The source code for this is the same as the one that is currently crashing.
Attempted to use the stap translator built at that time. It crashes in the same way.

/home/wcohen/stap_testing_200611070930/install/bin/stap -v
/home/wcohen/stap_testing_200611070930/src/testsuite/systemtap.samples/poll_map.stp 

When the switch on the machine from FC5 to FC6 occurred the test stopped
working. Trying the FC5 kernel, 2.6.18-1.2200.fc5, on the machine and things
work. It appears to be an issue with the kernel.

2.6.18-1.2200.fc5 i686 kernel works, but the 2.6.18-1.2869.fc6 i686 kernel fails.



Comment 8 William Cohen 2007-01-05 20:42:36 UTC
Built a kernel locally with the same configuration as the stock kernel from the
source code from kernel-2.6.18-1.2869.fc6.src.rpm. The test ran fine with the
locally built kernel. There are differences in the locations of functions in the
System.map files.
Comment 9 William Cohen 2007-01-09 15:13:58 UTC
This is caused by FC6 installing a i586 kernel and kernel-devel rather than a
i686 kernel and kernel-devel on the laptop and i686 debuginfo being installed.
Systemtap checks that the debuginfo version but not the architecture. The
mismatch causes some probes to be off. Can check that architecture information
is reasonable with

 rpm -qa --queryformat "%{NAME}-%{VERSION}-%{RELEASE}.%{ARCH}\n" | grep kernel

The kernel-debuginfo, kernel, and kernel-devel should be for the same arch.

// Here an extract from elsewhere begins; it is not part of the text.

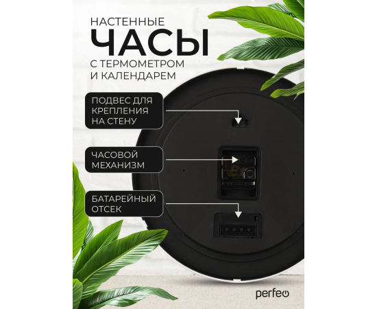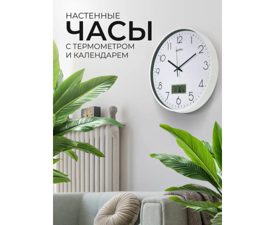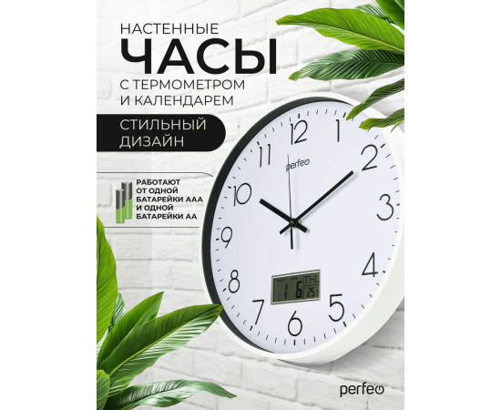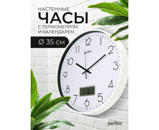 Настенные часы Perfeo "PF-WC-024"(С1), круг. 35 см, с темп и кален. белый корпус / белый циферблат

It appears that anaconda installed the incorrect architecture kernel on the machine.

https://bugzilla.redhat.com/bugzilla/show_bug.cgi?id=211941

Comment 10 Frank Ch. Eigler 2007-01-09 15:59:04 UTC
It is unfortunate that there appears to be no way, based on the ELF files only,
to tell whether they come from the i586 vs. i686 builds.  If it were possible,
then the recently added checks in tapsets.cxx (query_module) could look for it.